→ Work required: A verbatim copy of all the data is required; the pictures should not appear in it.

→ Source data:
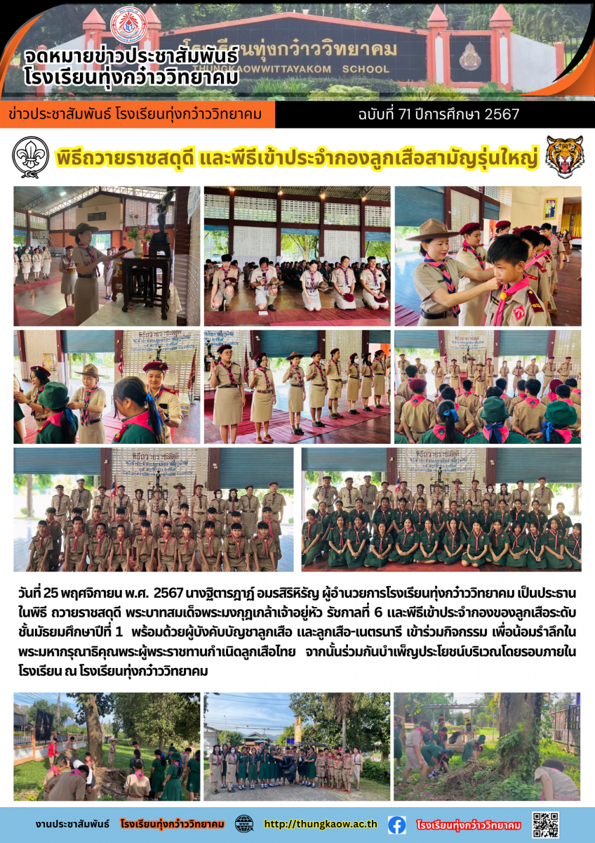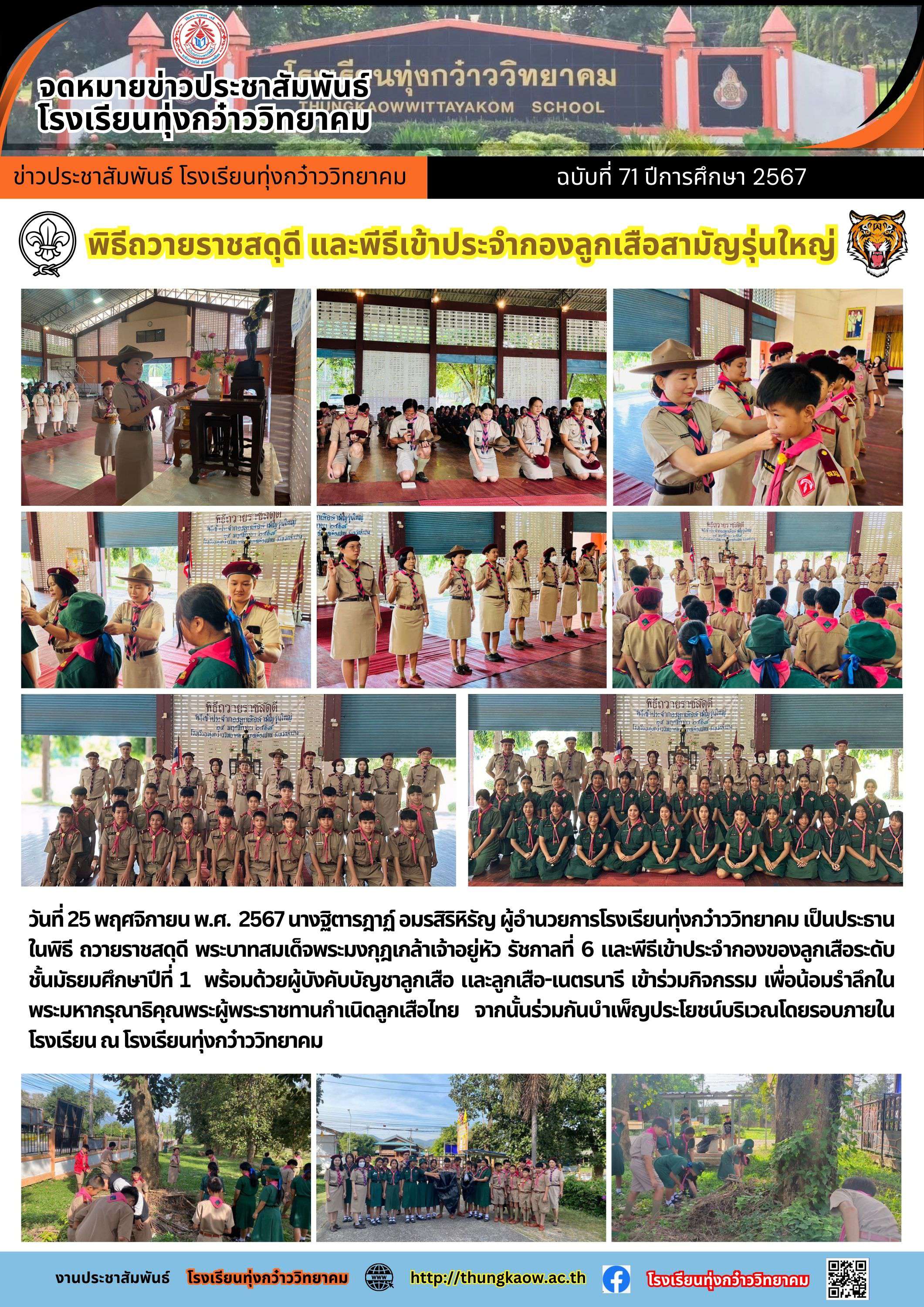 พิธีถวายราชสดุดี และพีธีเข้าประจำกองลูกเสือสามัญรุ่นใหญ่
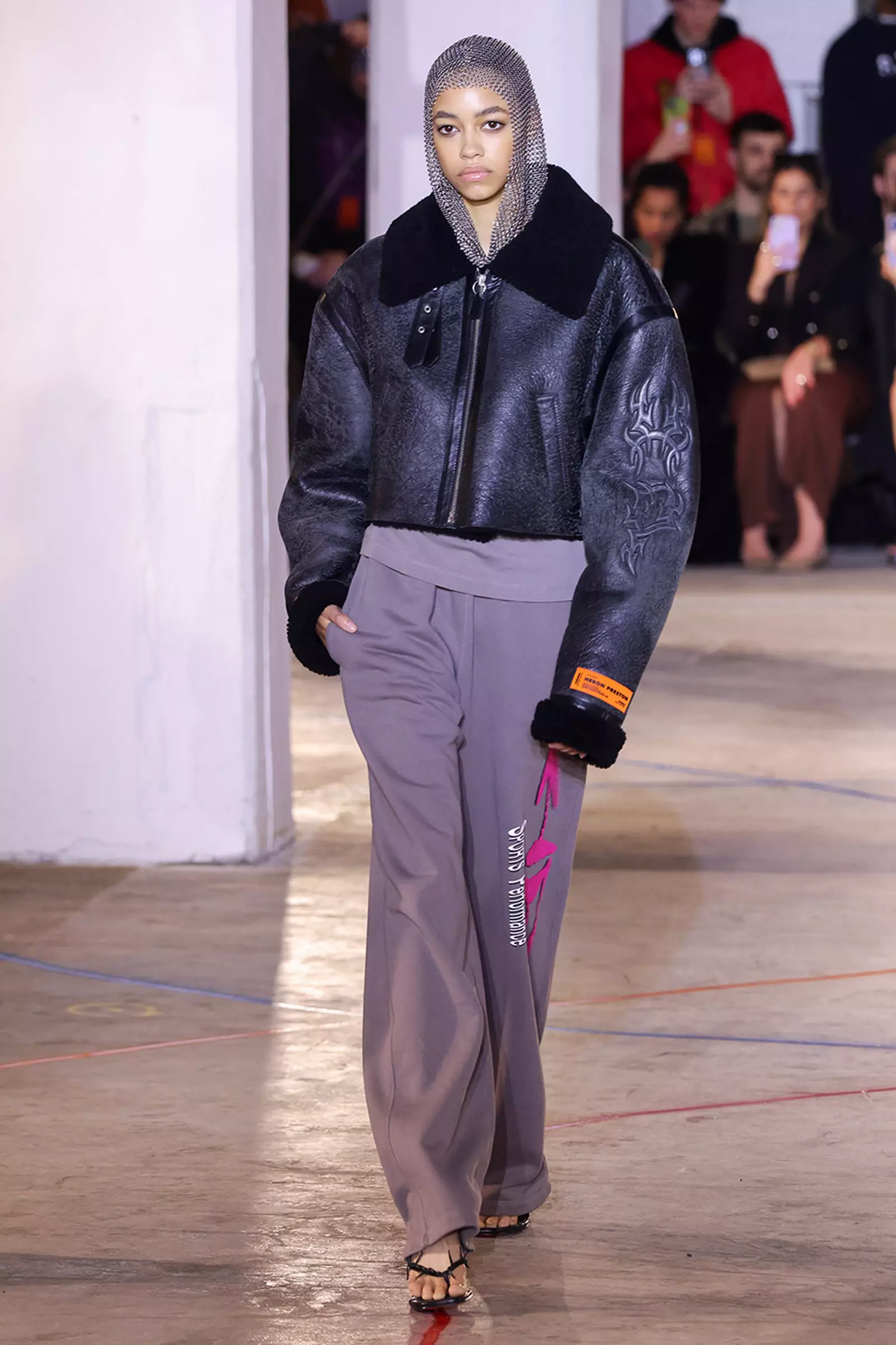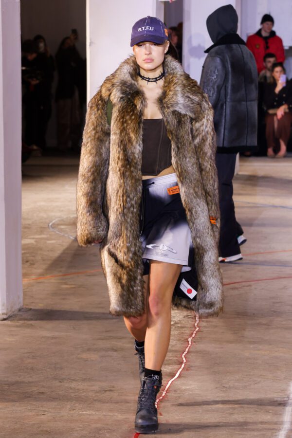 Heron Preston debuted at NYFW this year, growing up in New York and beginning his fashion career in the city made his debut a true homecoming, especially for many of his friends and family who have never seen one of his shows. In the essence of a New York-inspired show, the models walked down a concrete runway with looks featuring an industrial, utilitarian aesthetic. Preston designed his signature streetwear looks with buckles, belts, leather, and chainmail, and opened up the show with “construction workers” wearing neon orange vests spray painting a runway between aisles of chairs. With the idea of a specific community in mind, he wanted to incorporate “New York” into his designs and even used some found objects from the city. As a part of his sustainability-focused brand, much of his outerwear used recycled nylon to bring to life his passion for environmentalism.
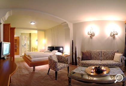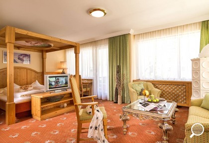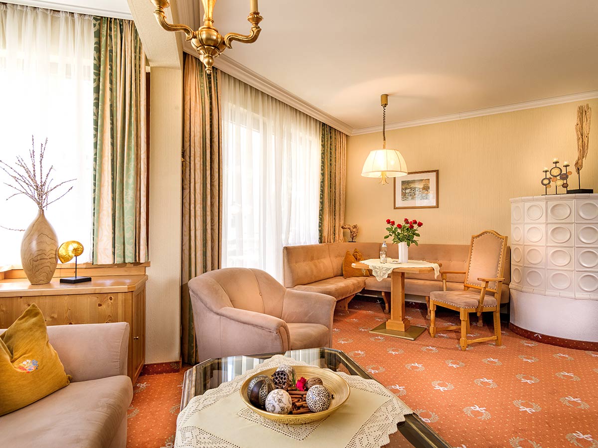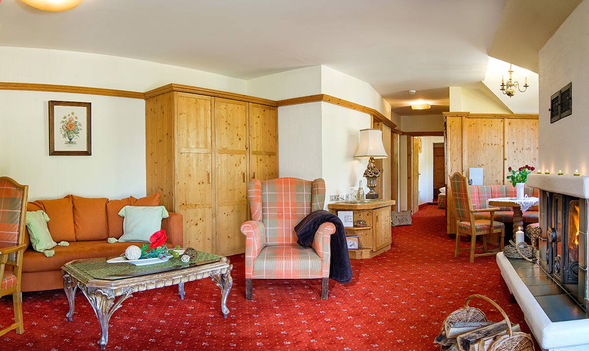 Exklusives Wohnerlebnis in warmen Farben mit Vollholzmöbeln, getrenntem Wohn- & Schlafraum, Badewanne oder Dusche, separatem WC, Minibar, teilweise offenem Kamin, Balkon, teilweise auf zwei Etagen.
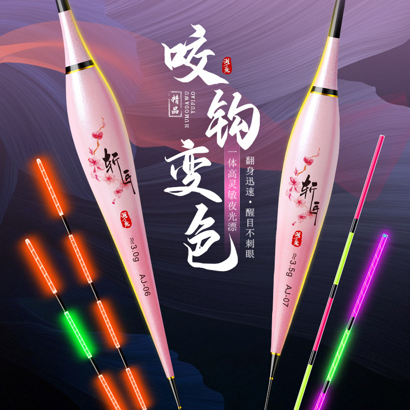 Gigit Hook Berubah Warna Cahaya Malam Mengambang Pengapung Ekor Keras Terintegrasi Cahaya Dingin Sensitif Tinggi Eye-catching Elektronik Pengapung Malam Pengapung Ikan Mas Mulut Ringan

→ The answer:
 พิธีถวายราชสดุดี และพีธีเข้าประจำกองลูกเสือสามัญรุ่นใหญ่
 Heron Preston debuted at NYFW this year, growing up in New York and beginning his fashion career in the city made his debut a true homecoming, especially for many of his friends and family who have never seen one of his shows. In the essence of a New York-inspired show, the models walked down a concrete runway with looks featuring an industrial, utilitarian aesthetic. Preston designed his signature streetwear looks with buckles, belts, leather, and chainmail, and opened up the show with “construction workers” wearing neon orange vests spray painting a runway between aisles of chairs. With the idea of a specific community in mind, he wanted to incorporate “New York” into his designs and even used some found objects from the city. As a part of his sustainability-focused brand, much of his outerwear used recycled nylon to bring to life his passion for environmentalism.
 Exklusives Wohnerlebnis in warmen Farben mit Vollholzmöbeln, getrenntem Wohn- & Schlafraum, Badewanne oder Dusche, separatem WC, Minibar, teilweise offenem Kamin, Balkon, teilweise auf zwei Etagen.
 Gigit Hook Berubah Warna Cahaya Malam Mengambang Pengapung Ekor Keras Terintegrasi Cahaya Dingin Sensitif Tinggi Eye-catching Elektronik Pengapung Malam Pengapung Ikan Mas Mulut Ringan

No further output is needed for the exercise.